Words like “revolution” are overused to describe progress in science, which is usually laborious and incremental. But in 1994, Shor quietly started one. While working at AT&T Bell Laboratories, he had absorbed discussions from Vazirani and Bennett. “I started thinking about useful things you could do with a quantum computer,” he says. “I thought it was a long shot. But it was a very interesting area. So I started working on it. I haven’t really told anyone about it.

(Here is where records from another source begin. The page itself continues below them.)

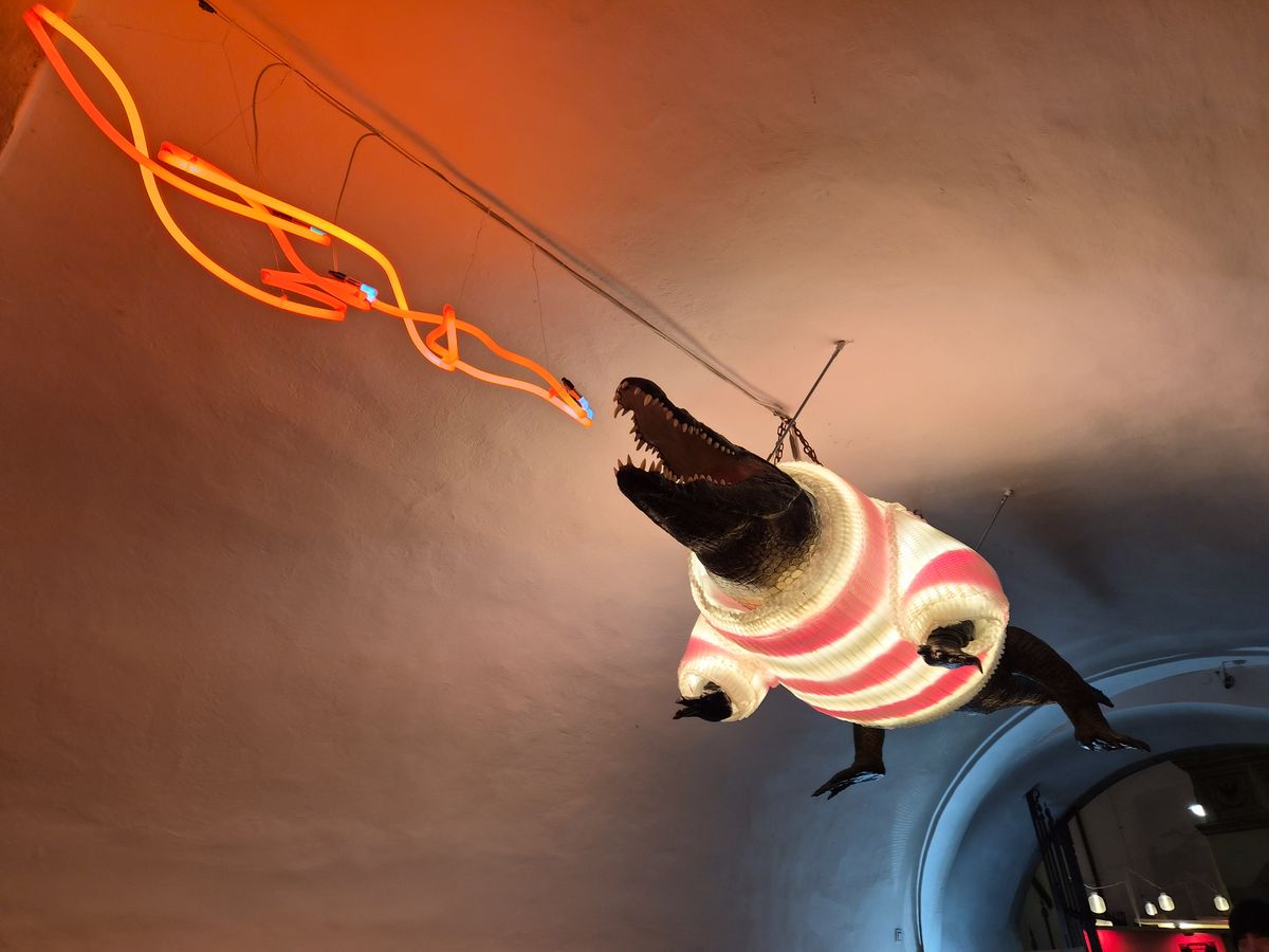 Pokud chcete vidět jeho reálnou podobu, musíte popojít k nádvoří Staré radnice. Brněnský drak je navlečený do svetru a z jeho tlamy šlehá oheň – samozřejmě v podobě světelné instalace.
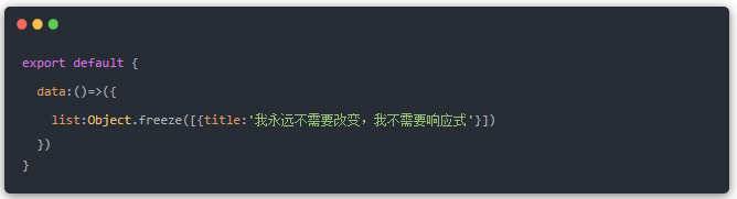 应该所有同学都知道,vue初始化的时候会将data里面的数据都搞成响应式数据吧。但是,我们在写业务逻辑的时候会有些数据一初始化就永远不会改变,它根本就不需要被vue做成响应式数据,因此我们应该将这些不用改变的数据通过Object.freeze方法冻结它,避免vue初始化的时候,做一些无用的操作。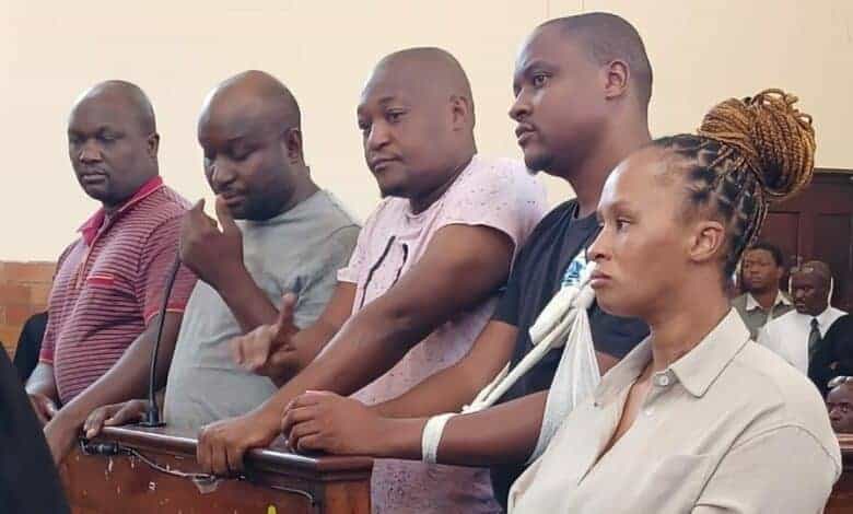 Highvelder News reports the suspects, including former police official Mthobisi Nkosi (40), Aubrey Xaba (35), Skhumbuzo Skhakhane (40), Nyiko Mujovo (30), and Valencia Skhosana (36), were remanded in custody.
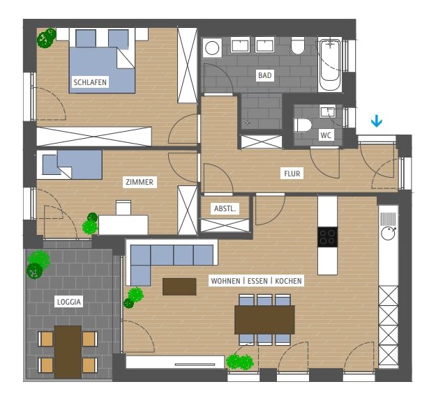 Diese helle 3-Zi.-Wohnung besitzt einen großzügigen Wohn- und Essbereich mit offener Küche. Im Wohn-Essbereich befinden sich drei bodentiefe Fenster. Die Süd-West-Loggia vergrößert den Wohnbereich und lädt zum draußen Verweilen ein. Von einem weiteren Zimmer haben Sie einen direkten Zugang auf die Loggia. Das moderne Tageslicht-Badezimmer ist mit einer Badewanne, einer begehbaren Dusche, 2 Waschbecken und einem WC ausgestattet. Zusätzlich gibt es ein separates WC und einen Abstellraum. Außerdem gibt es einen Kellerraum.Der Bezug ist ab sofort möglich. Haustiere sind erlaubt.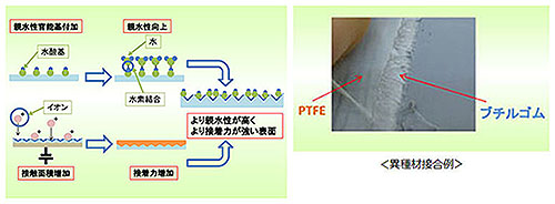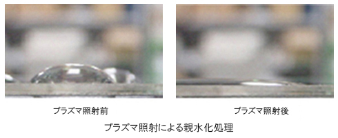 樹脂材や硝子に対して親水性向上やイオンによる物理エッチング等の表面改質

Inspired by the success of other quantum algorithms with periodic or repetitive tasks, Shor developed an algorithm capable of dividing numbers into their prime factors (e.g., 21 = 7 x 3) exponentially faster than any classic algorithm. The implications were immediately obvious: prime factorization was the backbone of modern encryption. Finally, quantum computers had a truly revolutionary practical application. Shor’s algorithm “just made it clear that you have to drop everything” to work on quantum computing, says Vazirani.
Although Shor had found a powerful use case for a quantum computer, he hadn’t solved the more difficult problem of how to build one, even in theory. The fragile quantum states that these devices could exploit to outperform classical computing also made them extremely vulnerable to errors. Moreover, error correction strategies for classical computers could not be used in quantum computers. Undeterred, at a conference on quantum computing in Turin, Italy, in 1995, Shor bet with other researchers that a quantum computer would factor a 500-digit number before a classical computer could. do it. (Even with today’s conventional supercomputers, factoring 500 digits would likely take billions of years.) Nobody took Shor’s bet, and some demanded a third option: that the sun goes out first. .
Two types of errors plague quantum computers: bit errors and phase errors. These errors are akin to flipping a compass needle from north to south or east to west, respectively. Unfortunately, correcting bit errors makes phase errors worse, and vice versa. In other words, a more accurate north bearing results in a less accurate east or west bearing. But later in 1995, Shor discovered how to combine bit correction and phase correction – a chain of operations similar to solving a Rubik’s Cube without altering a completed face. Shor’s algorithm remains inefficient until quantum computers become more powerful (the highest number factored with the algorithm is 21, so the classical factorization stays ahead – for now). But it still made quantum computing possible, if not practical. “That’s when it all became real,” says Brassard.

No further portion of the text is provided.